SpokeA#show crypto ipsec sa | inc addr|caps Crypto map tag: MYMAP, local addr. 1.3.3.3 local ident (addr/mask/prot/port): (10.3.3.0/255.255.255.0/0/0) remote ident (addr/mask/prot/port): (10.7.7.0/255.255.255.0/0/0) #pkts encaps: 85, #pkts encrypt: 85, #pkts digest: 85 #pkts decaps: 70, #pkts decrypt: 70, #pkts verify: 70 local ident (addr/mask/prot/port): (10.3.3.0/255.255.255.0/0/0) remote ident (addr/mask/prot/port): (192.168.1.0/255.255.255.0/0/0) #pkts encaps: 4, #pkts encrypt: 4, #pkts digest: 4 #pkts decaps: 4, #pkts decrypt: 4, #pkts verify: 4 SpokeA#
We have now seen the configuration specifics of an ASA 8.2 for connecting two VPN Spokes through a single ASA Hub. Many organizations are migrating their ASAs to version 8.4. As we know, much of the configuration syntax is radically different in the new version. Fortunately, none of the specifics for the spoke to spoke communications actually requires a change. The only difference with the above configuration and the configuration in 8.4 are the changes in the NAT syntax. Although these changes affect the Inside to Spoke communication, they are irrelevant to the Spoke to Spoke communication.
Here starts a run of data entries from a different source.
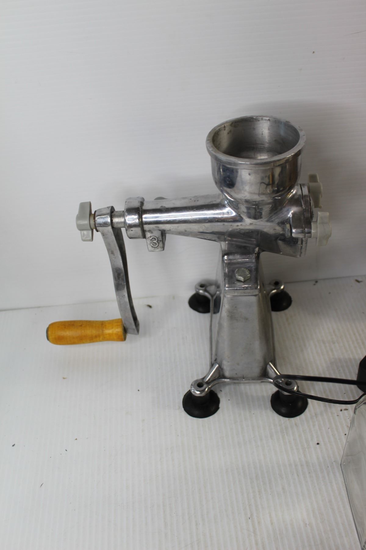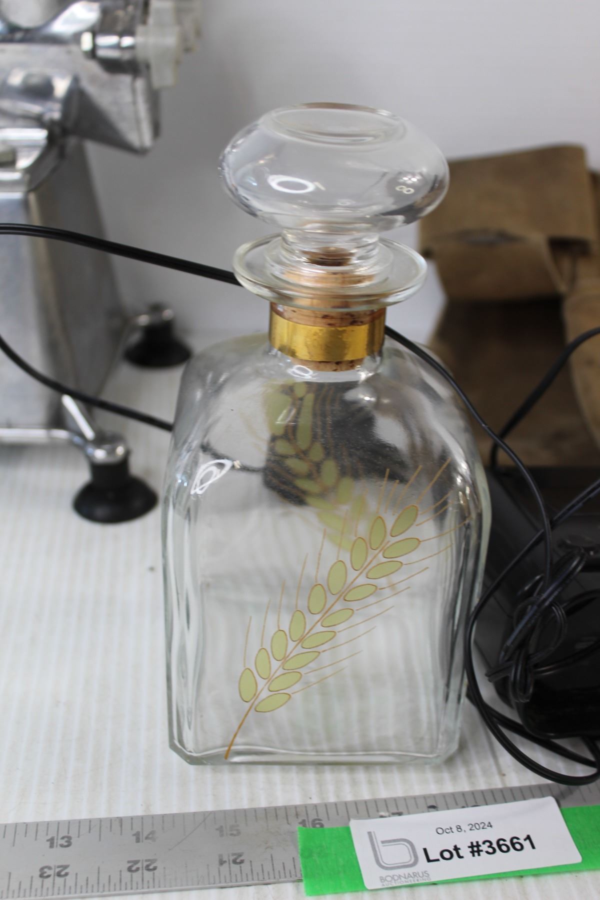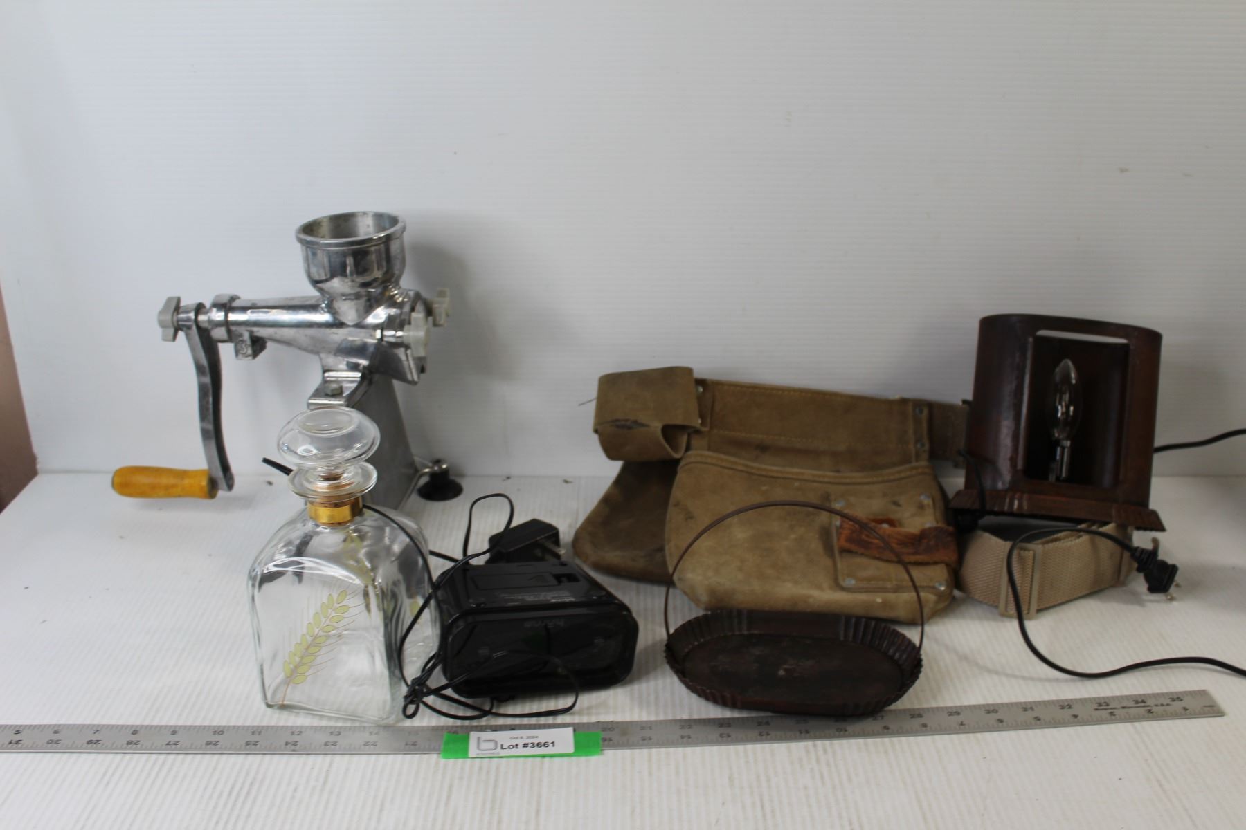 Leather Tool Belt, Lamp - tested Powers On, Meat Grinder, Liquor Bottle, Alarm Clock - Tested Powers On
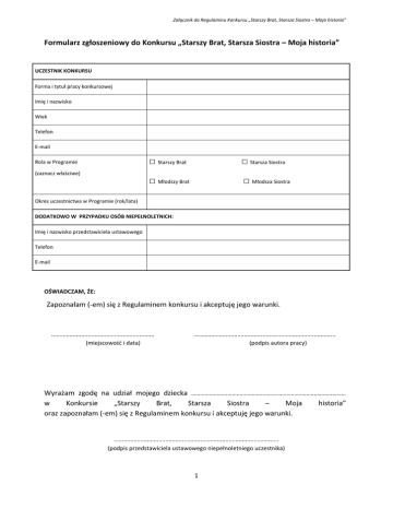 Formularz zgłoszeniowy do Konkursu „Starszy Brat, Starsza Siostra
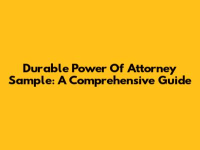 Durable Power Of Attorney Sample: A Comprehensive Guide

Changes to the ASA config in 8.4
//nat config in 8.2 ! access-list NONAT extended permit ip 192.168.1.0 255.255.255.0 10.3.3.0 255.255.255.0 access-list NONAT extended permit ip 192.168.1.0 255.255.255.0 10.7.7.0 255.255.255.0 ! global (outside) 1 interface nat (inside) 0 access-list NONAT nat (inside) 1 0.0.0.0 0.0.0.0 ! //the new and more complex nat configuration //after migrating to 8.4 ASA# show run object object network obj-192.168.1.0 subnet 192.168.1.0 255.255.255.0 object network obj-10.3.3.0 subnet 10.3.3.0 255.255.255.0 object network obj-10.7.7.0 subnet 10.7.7.0 255.255.255.0 object network obj_any subnet 0.0.0.0 0.0.0.0 ASA# show run nat nat (inside,any) source static obj-192.168.1.0 obj-192.168.1.0 destination static obj-10.3.3.0 obj-10.3.3.0 no-proxy-arp nat (inside,any) source static obj-192.168.1.0 obj-192.168.1.0 destination static obj-10.7.7.0 obj-10.7.7.0 no-proxy-arp ! object network obj_any nat (inside,outside) dynamic interface
Sending spoke to spoke traffic through a hub site is less than optimal. However, there are cases in which it may make sense. If an organization has more than a few sites, building a full mesh of static LAN to LAN VPN’s may be and administrative nightmare. If there is only a need to deliver small amounts of spoke to spoke traffic, this solution may be an alternative. Additionally, there are solutions that are outside the capabilities of the ASA that may be better suited to this environment. Examples of IOS based solutions that might scale better are GETVPN (Group Encrypted Transport VPN) and DMVPN (Dynamic Multipoint VPN).